## Task goal
Leaving out all pictures, return exactly the lines from the one that contains "Mohit Saraf v" through the end of the data below.

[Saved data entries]
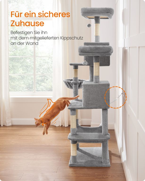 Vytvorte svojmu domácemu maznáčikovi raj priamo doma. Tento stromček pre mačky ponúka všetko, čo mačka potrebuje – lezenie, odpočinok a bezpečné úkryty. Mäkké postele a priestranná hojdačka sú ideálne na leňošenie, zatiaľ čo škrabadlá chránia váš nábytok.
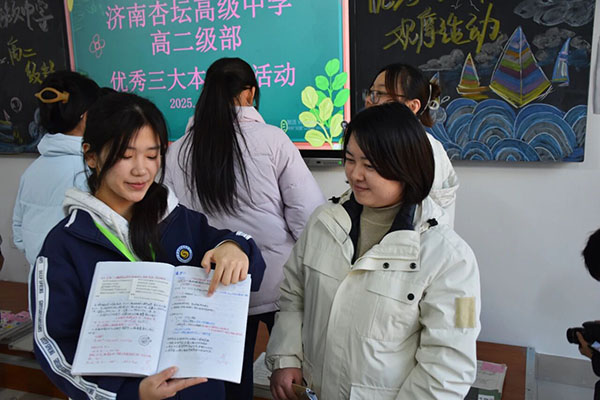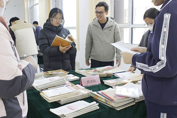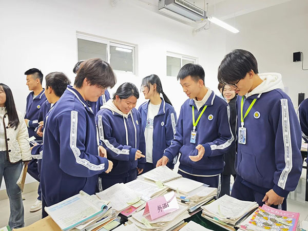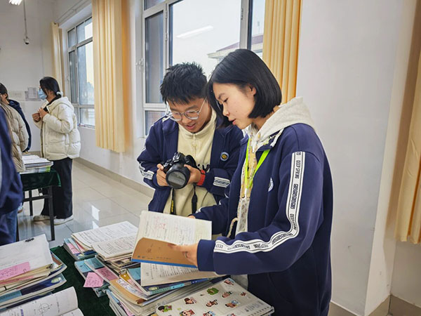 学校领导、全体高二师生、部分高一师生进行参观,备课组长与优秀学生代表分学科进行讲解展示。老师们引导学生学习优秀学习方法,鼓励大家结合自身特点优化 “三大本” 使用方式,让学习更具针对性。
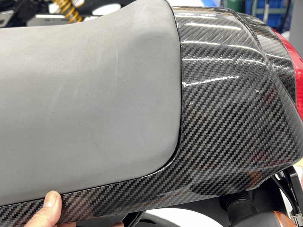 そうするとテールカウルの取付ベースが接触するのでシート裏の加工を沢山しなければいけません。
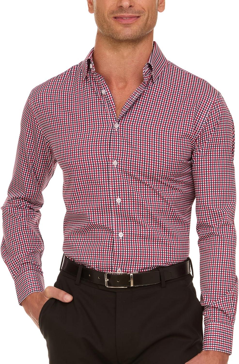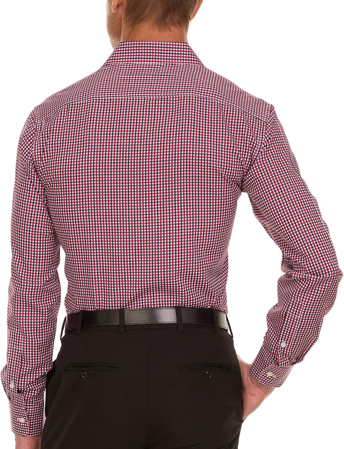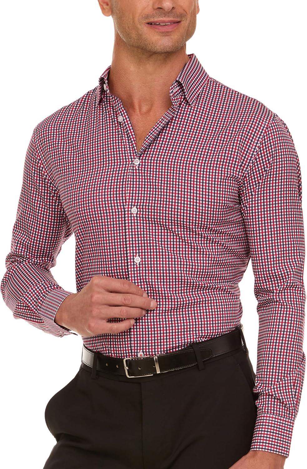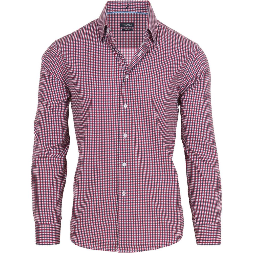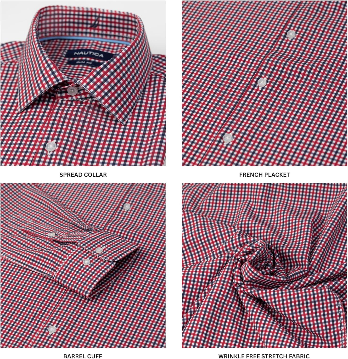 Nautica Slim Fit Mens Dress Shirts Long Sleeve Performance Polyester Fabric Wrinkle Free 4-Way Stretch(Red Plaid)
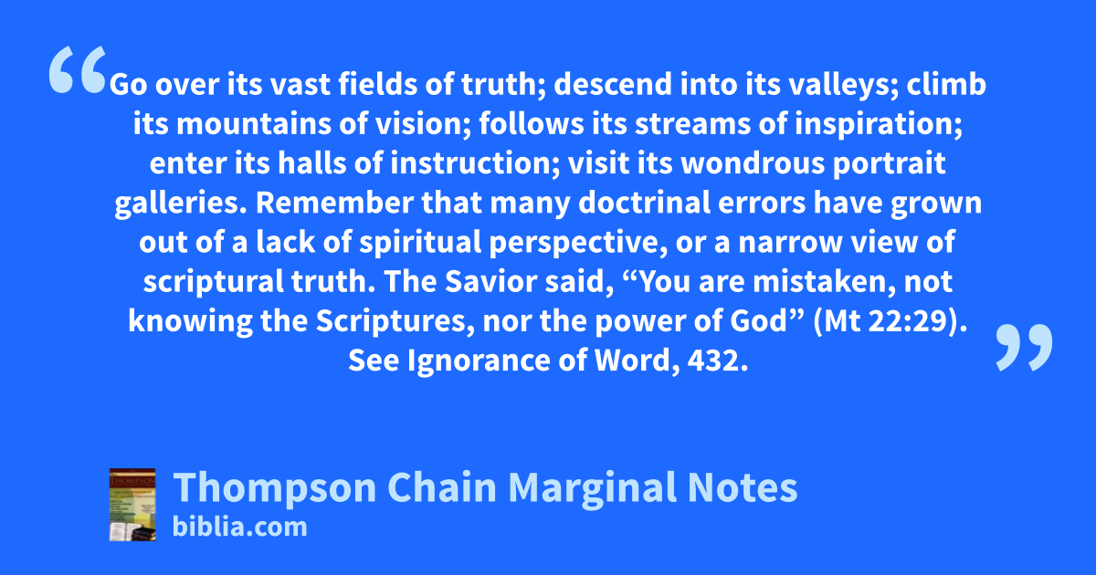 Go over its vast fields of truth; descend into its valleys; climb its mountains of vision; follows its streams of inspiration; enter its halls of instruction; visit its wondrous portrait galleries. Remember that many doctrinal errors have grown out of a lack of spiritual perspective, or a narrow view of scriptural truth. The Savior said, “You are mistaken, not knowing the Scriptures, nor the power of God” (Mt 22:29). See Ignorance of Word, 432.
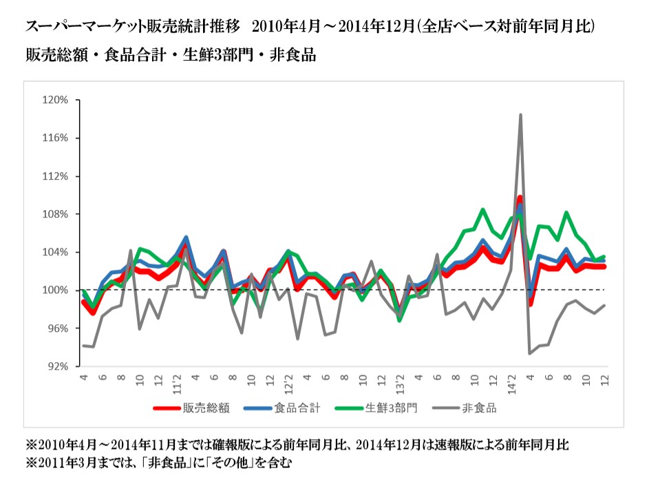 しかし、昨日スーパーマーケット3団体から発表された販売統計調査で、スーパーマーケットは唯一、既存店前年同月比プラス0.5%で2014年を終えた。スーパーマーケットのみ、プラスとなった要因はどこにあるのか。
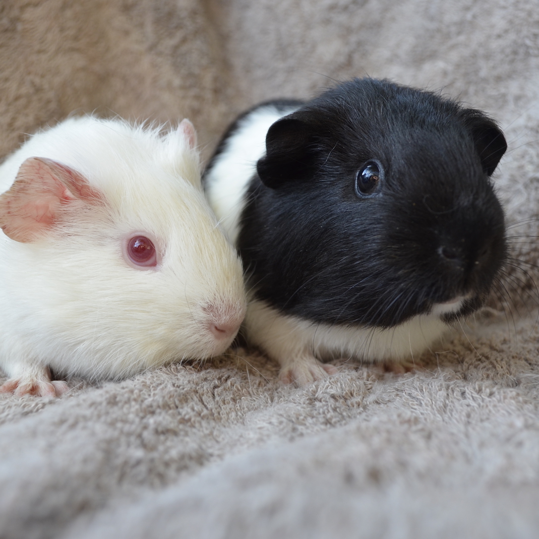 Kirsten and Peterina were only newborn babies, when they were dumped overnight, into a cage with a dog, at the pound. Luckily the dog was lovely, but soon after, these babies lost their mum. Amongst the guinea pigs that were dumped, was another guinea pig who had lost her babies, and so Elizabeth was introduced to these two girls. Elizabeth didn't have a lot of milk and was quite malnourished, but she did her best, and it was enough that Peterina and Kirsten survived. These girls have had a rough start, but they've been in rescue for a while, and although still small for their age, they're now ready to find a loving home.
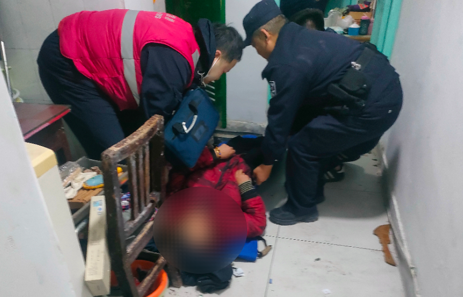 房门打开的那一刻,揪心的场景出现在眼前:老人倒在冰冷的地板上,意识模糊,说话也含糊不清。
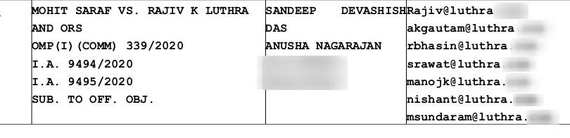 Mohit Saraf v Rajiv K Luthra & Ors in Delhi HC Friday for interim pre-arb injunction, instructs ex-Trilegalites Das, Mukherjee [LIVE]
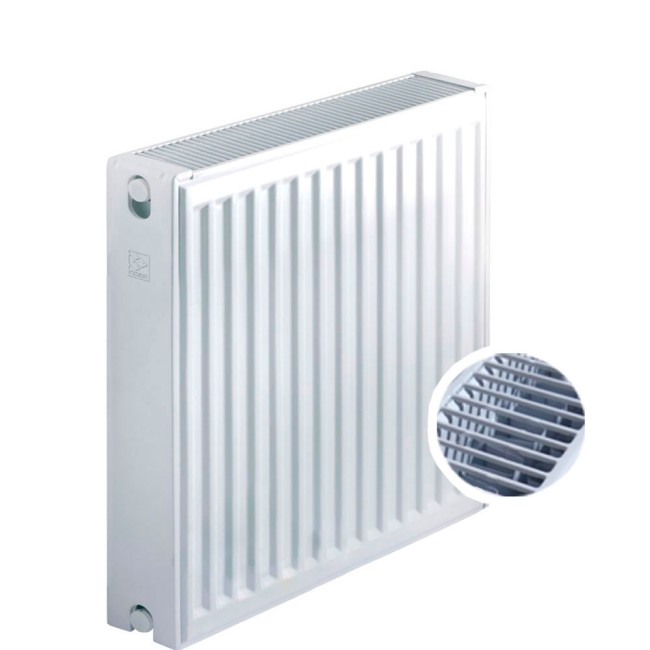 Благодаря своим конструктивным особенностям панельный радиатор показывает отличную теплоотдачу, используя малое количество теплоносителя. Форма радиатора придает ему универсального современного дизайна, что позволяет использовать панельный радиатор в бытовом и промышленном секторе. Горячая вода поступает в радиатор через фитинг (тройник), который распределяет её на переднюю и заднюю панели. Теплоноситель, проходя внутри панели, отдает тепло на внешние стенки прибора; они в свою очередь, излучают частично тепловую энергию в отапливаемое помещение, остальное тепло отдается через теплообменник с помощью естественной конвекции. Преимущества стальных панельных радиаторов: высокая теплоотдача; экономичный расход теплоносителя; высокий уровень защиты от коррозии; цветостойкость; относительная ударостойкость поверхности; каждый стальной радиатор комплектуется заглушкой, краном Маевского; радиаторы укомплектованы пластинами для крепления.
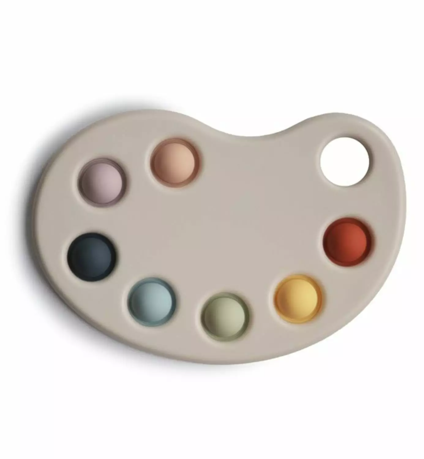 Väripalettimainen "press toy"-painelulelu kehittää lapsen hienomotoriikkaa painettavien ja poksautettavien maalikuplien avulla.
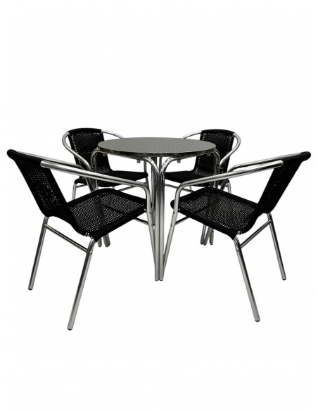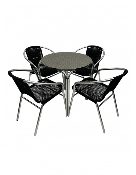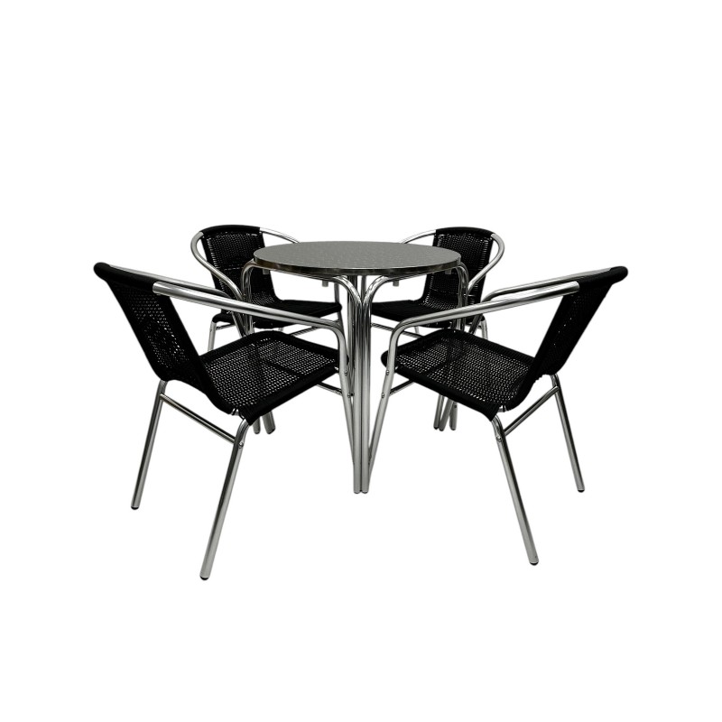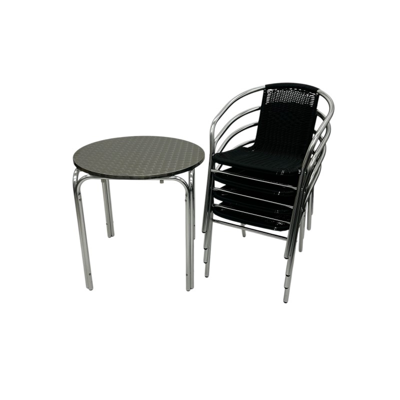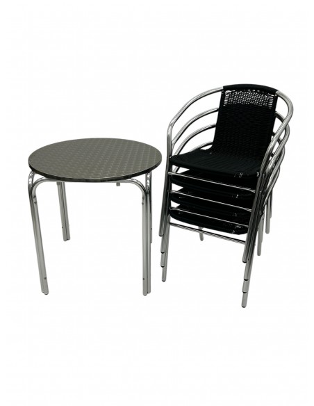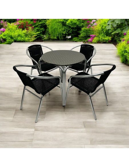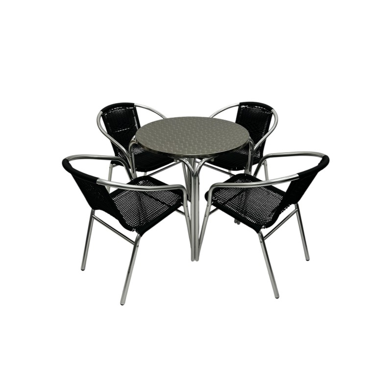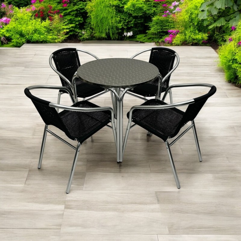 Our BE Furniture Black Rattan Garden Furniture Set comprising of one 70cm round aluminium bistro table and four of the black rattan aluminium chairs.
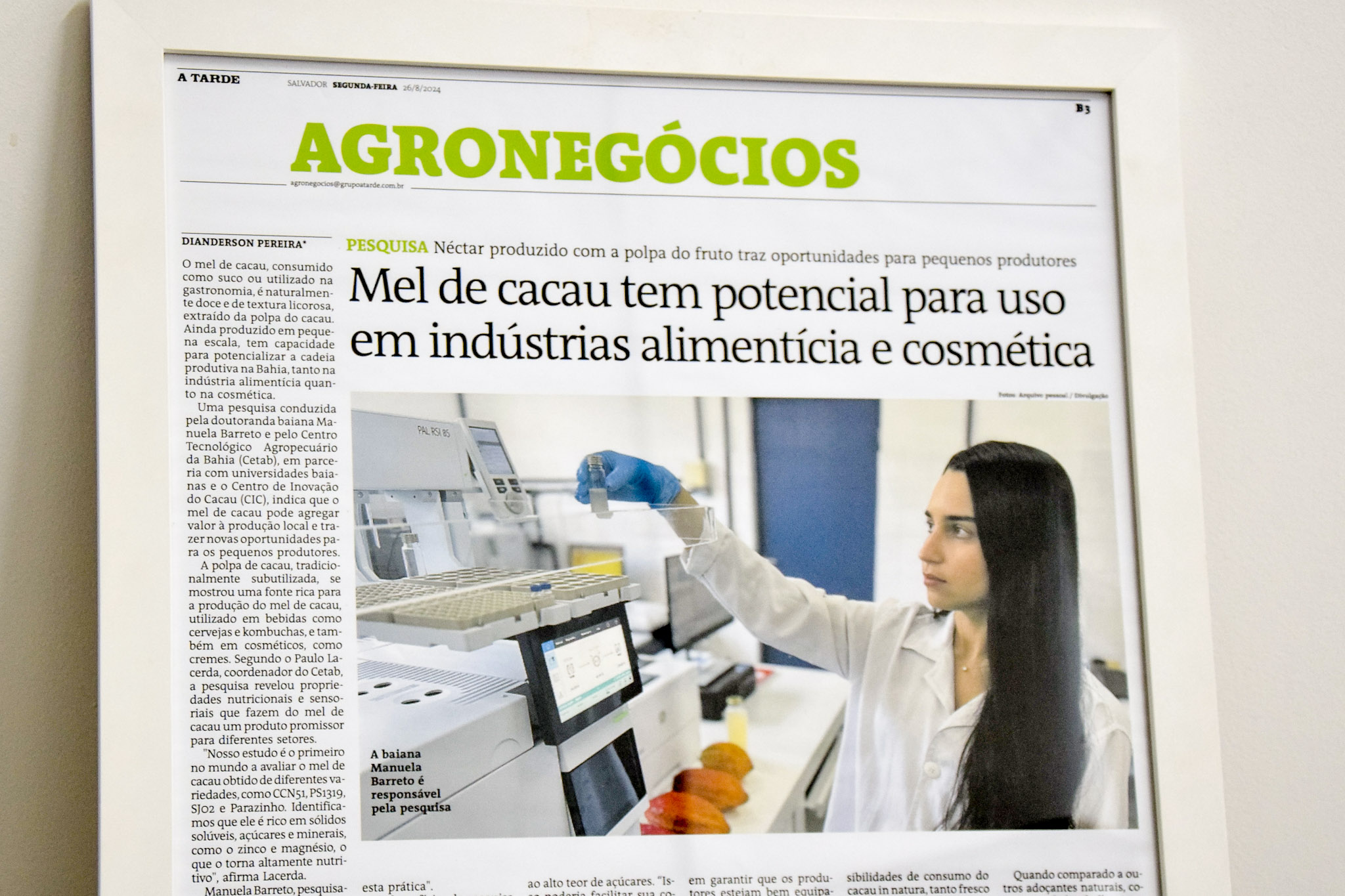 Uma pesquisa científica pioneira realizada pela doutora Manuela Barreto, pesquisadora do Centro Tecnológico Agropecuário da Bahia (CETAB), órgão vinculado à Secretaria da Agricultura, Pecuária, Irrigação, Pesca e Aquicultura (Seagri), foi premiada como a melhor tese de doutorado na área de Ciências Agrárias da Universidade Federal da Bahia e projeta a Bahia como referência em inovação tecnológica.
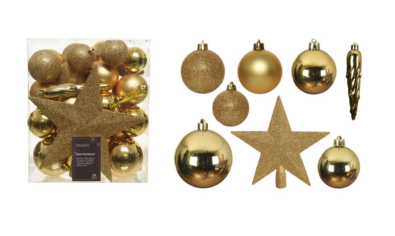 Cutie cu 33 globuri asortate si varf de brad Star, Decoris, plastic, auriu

## The completed task
 Mohit Saraf v Rajiv K Luthra & Ors in Delhi HC Friday for interim pre-arb injunction, instructs ex-Trilegalites Das, Mukherjee [LIVE]
 Благодаря своим конструктивным особенностям панельный радиатор показывает отличную теплоотдачу, используя малое количество теплоносителя. Форма радиатора придает ему универсального современного дизайна, что позволяет использовать панельный радиатор в бытовом и промышленном секторе. Горячая вода поступает в радиатор через фитинг (тройник), который распределяет её на переднюю и заднюю панели. Теплоноситель, проходя внутри панели, отдает тепло на внешние стенки прибора; они в свою очередь, излучают частично тепловую энергию в отапливаемое помещение, остальное тепло отдается через теплообменник с помощью естественной конвекции. Преимущества стальных панельных радиаторов: высокая теплоотдача; экономичный расход теплоносителя; высокий уровень защиты от коррозии; цветостойкость; относительная ударостойкость поверхности; каждый стальной радиатор комплектуется заглушкой, краном Маевского; радиаторы укомплектованы пластинами для крепления.
 Väripalettimainen "press toy"-painelulelu kehittää lapsen hienomotoriikkaa painettavien ja poksautettavien maalikuplien avulla.
 Our BE Furniture Black Rattan Garden Furniture Set comprising of one 70cm round aluminium bistro table and four of the black rattan aluminium chairs.
 Uma pesquisa científica pioneira realizada pela doutora Manuela Barreto, pesquisadora do Centro Tecnológico Agropecuário da Bahia (CETAB), órgão vinculado à Secretaria da Agricultura, Pecuária, Irrigação, Pesca e Aquicultura (Seagri), foi premiada como a melhor tese de doutorado na área de Ciências Agrárias da Universidade Federal da Bahia e projeta a Bahia como referência em inovação tecnológica.
 Cutie cu 33 globuri asortate si varf de brad Star, Decoris, plastic, auriu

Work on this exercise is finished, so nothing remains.